Entries taken from a collection:
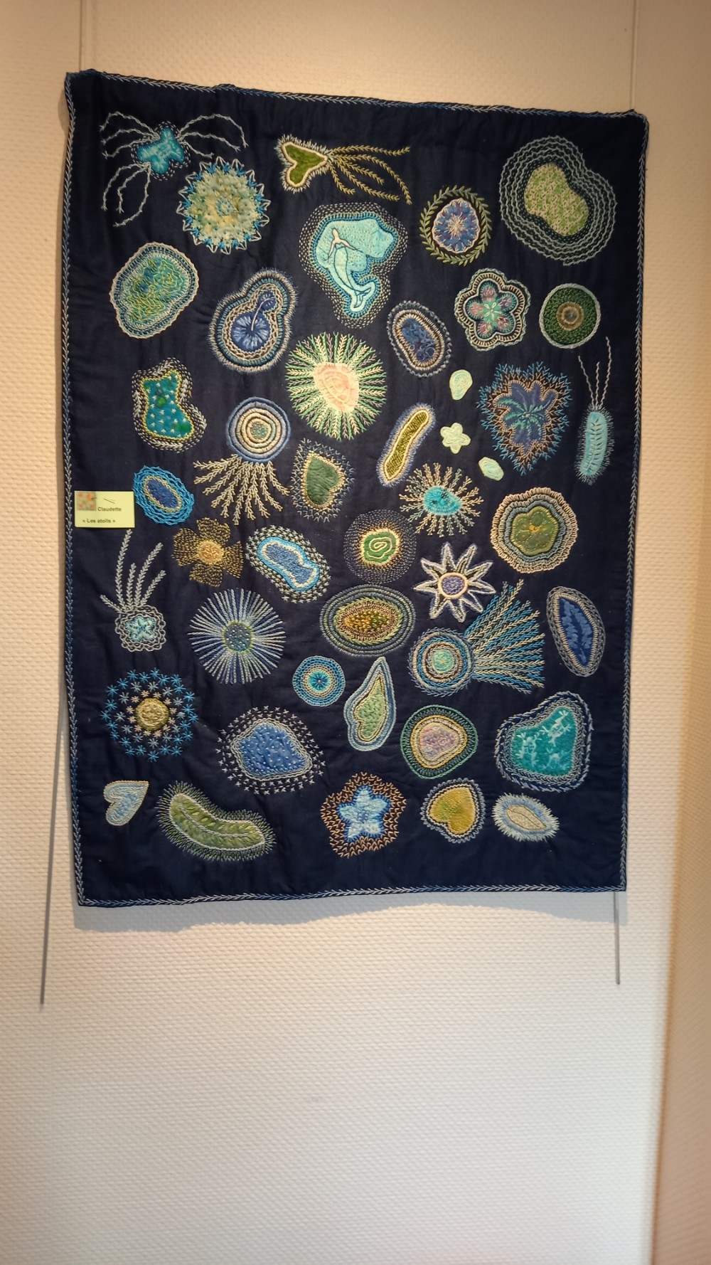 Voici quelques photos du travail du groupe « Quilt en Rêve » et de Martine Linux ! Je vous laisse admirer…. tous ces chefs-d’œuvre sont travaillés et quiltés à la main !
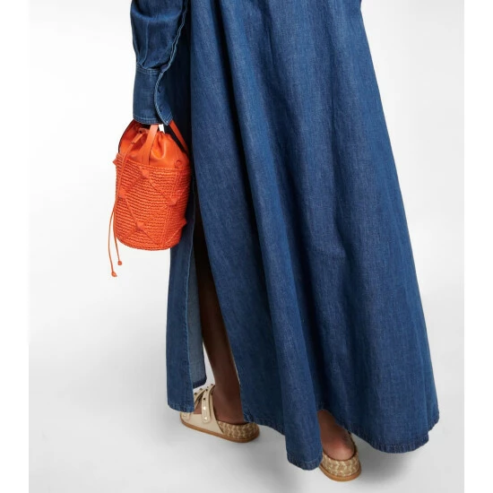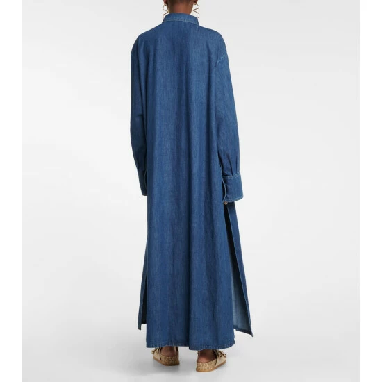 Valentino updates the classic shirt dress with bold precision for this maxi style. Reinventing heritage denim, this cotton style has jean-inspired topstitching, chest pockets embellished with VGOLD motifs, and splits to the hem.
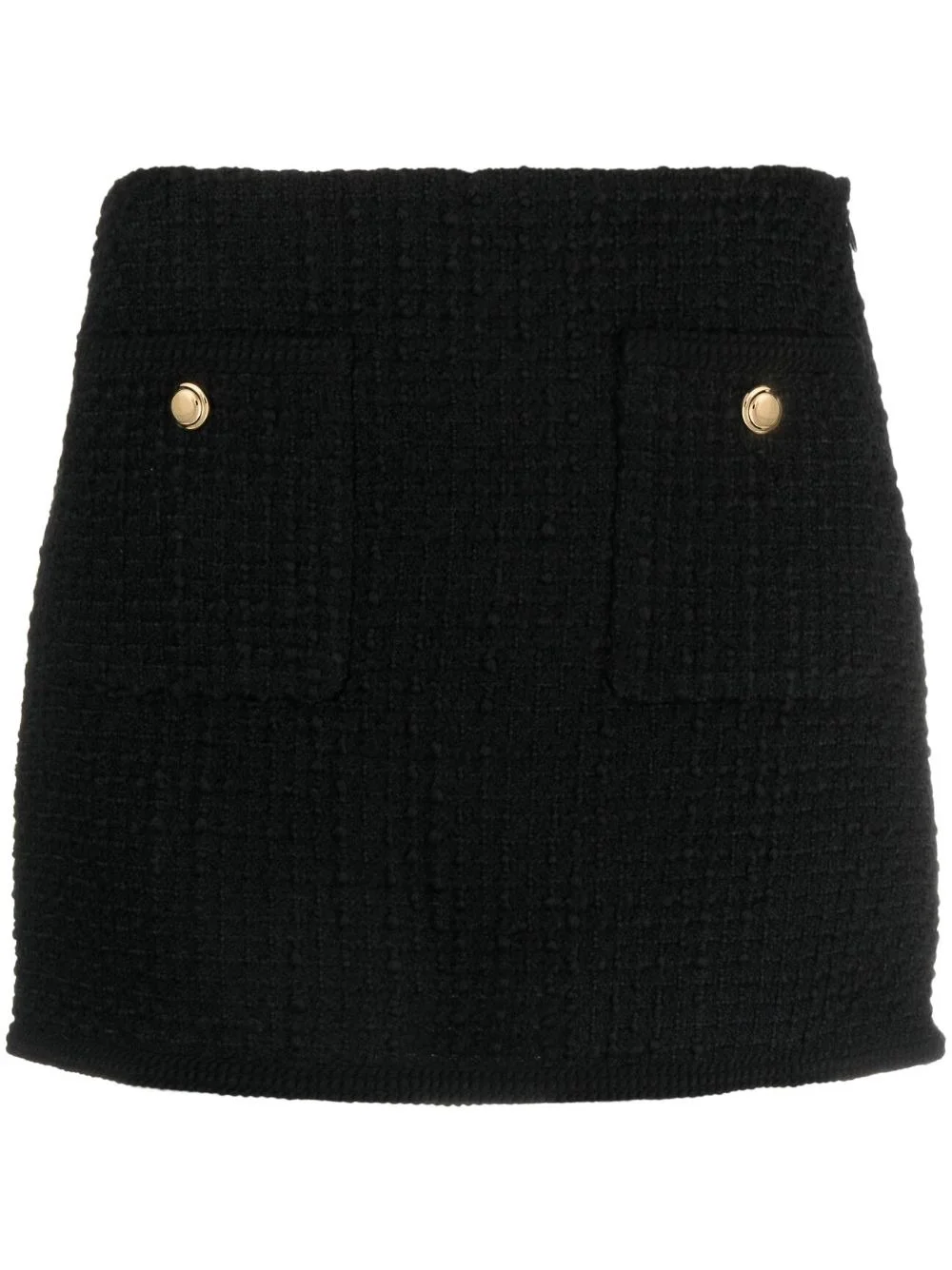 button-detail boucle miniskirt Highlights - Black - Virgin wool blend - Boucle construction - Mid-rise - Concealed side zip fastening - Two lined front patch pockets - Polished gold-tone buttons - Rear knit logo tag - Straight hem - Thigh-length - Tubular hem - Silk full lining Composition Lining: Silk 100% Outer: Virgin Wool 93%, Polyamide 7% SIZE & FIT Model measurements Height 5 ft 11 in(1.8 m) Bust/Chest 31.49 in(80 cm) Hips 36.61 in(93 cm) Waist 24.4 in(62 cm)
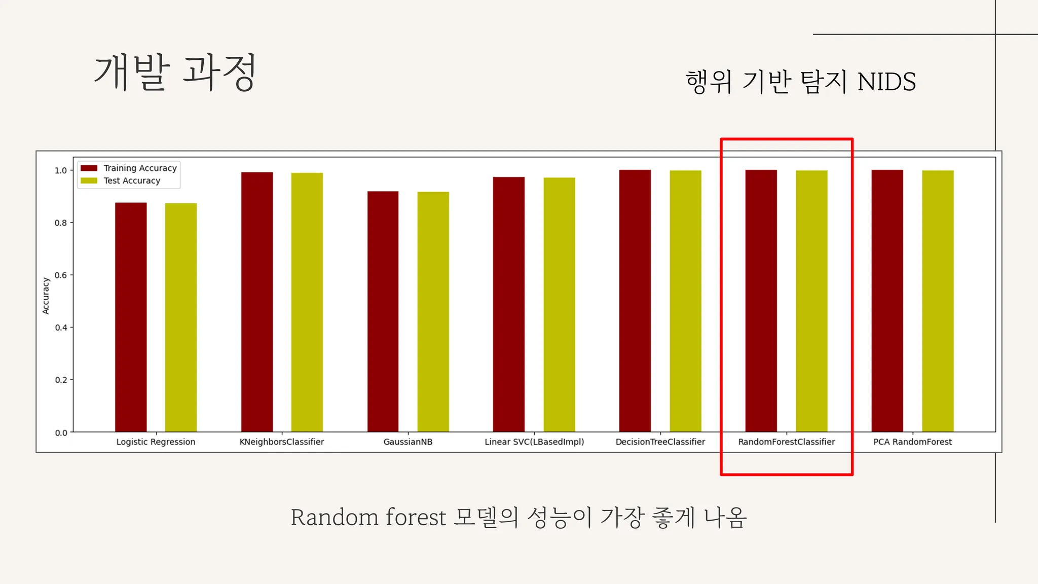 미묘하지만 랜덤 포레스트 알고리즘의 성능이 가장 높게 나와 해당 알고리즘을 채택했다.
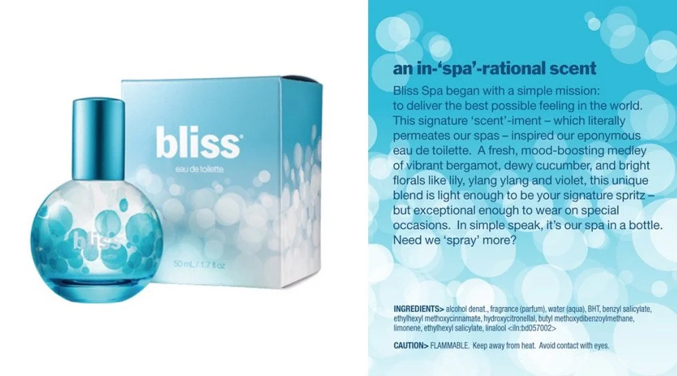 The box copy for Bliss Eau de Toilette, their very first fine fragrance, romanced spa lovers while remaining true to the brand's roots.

## Task description:
Set down every entry exactly as it appears, but skip the pictures.

## Your solution:
 Voici quelques photos du travail du groupe « Quilt en Rêve » et de Martine Linux ! Je vous laisse admirer…. tous ces chefs-d’œuvre sont travaillés et quiltés à la main !
 Valentino updates the classic shirt dress with bold precision for this maxi style. Reinventing heritage denim, this cotton style has jean-inspired topstitching, chest pockets embellished with VGOLD motifs, and splits to the hem.
 button-detail boucle miniskirt Highlights - Black - Virgin wool blend - Boucle construction - Mid-rise - Concealed side zip fastening - Two lined front patch pockets - Polished gold-tone buttons - Rear knit logo tag - Straight hem - Thigh-length - Tubular hem - Silk full lining Composition Lining: Silk 100% Outer: Virgin Wool 93%, Polyamide 7% SIZE & FIT Model measurements Height 5 ft 11 in(1.8 m) Bust/Chest 31.49 in(80 cm) Hips 36.61 in(93 cm) Waist 24.4 in(62 cm)
 미묘하지만 랜덤 포레스트 알고리즘의 성능이 가장 높게 나와 해당 알고리즘을 채택했다.
 The box copy for Bliss Eau de Toilette, their very first fine fragrance, romanced spa lovers while remaining true to the brand's roots.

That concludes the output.